> **YOUR INSTRUCTIONS**: From the data underneath, reproduce exactly the stretch that begins at the line with "The rubber part" and ends after the line with "Die äußeren Spannschutzvorrichtungen".

> **LISTED RECORDS**:
● ● ●

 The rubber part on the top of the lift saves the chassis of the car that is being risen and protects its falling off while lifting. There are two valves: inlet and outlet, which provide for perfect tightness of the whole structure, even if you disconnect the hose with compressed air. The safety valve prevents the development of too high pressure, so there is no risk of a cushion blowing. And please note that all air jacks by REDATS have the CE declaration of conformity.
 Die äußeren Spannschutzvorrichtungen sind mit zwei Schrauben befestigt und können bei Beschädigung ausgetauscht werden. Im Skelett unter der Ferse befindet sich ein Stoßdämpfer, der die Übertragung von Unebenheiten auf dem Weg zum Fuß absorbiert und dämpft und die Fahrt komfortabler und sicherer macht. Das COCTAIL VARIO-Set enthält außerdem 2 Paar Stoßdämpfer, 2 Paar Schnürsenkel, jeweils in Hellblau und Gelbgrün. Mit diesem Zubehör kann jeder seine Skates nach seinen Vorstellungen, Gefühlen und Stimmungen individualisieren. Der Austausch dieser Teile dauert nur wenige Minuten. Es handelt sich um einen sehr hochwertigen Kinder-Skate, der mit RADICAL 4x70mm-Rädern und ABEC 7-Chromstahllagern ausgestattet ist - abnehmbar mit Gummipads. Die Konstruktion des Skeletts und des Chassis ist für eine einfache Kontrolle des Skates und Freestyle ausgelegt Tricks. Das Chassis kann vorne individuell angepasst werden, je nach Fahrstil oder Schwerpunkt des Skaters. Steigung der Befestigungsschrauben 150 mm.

● ● ●

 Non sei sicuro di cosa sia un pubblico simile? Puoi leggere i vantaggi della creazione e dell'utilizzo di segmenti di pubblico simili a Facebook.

● ● ●

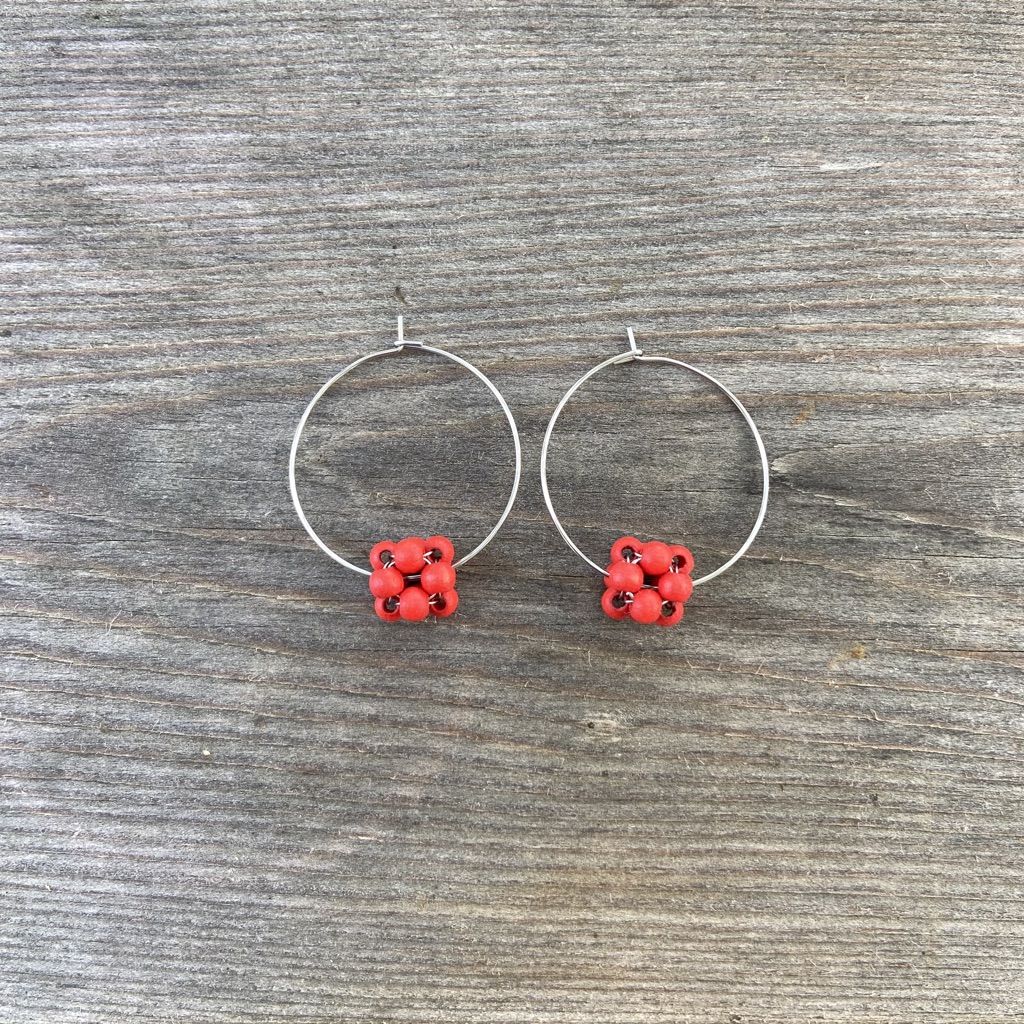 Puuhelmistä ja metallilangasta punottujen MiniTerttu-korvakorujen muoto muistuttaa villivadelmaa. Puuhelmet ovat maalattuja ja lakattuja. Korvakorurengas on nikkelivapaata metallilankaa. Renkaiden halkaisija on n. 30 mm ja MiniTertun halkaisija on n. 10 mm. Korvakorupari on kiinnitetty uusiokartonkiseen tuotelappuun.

● ● ●

> **OUTPUT FOR THIS TASK**:
 The rubber part on the top of the lift saves the chassis of the car that is being risen and protects its falling off while lifting. There are two valves: inlet and outlet, which provide for perfect tightness of the whole structure, even if you disconnect the hose with compressed air. The safety valve prevents the development of too high pressure, so there is no risk of a cushion blowing. And please note that all air jacks by REDATS have the CE declaration of conformity.
 Die äußeren Spannschutzvorrichtungen sind mit zwei Schrauben befestigt und können bei Beschädigung ausgetauscht werden. Im Skelett unter der Ferse befindet sich ein Stoßdämpfer, der die Übertragung von Unebenheiten auf dem Weg zum Fuß absorbiert und dämpft und die Fahrt komfortabler und sicherer macht. Das COCTAIL VARIO-Set enthält außerdem 2 Paar Stoßdämpfer, 2 Paar Schnürsenkel, jeweils in Hellblau und Gelbgrün. Mit diesem Zubehör kann jeder seine Skates nach seinen Vorstellungen, Gefühlen und Stimmungen individualisieren. Der Austausch dieser Teile dauert nur wenige Minuten. Es handelt sich um einen sehr hochwertigen Kinder-Skate, der mit RADICAL 4x70mm-Rädern und ABEC 7-Chromstahllagern ausgestattet ist - abnehmbar mit Gummipads. Die Konstruktion des Skeletts und des Chassis ist für eine einfache Kontrolle des Skates und Freestyle ausgelegt Tricks. Das Chassis kann vorne individuell angepasst werden, je nach Fahrstil oder Schwerpunkt des Skaters. Steigung der Befestigungsschrauben 150 mm.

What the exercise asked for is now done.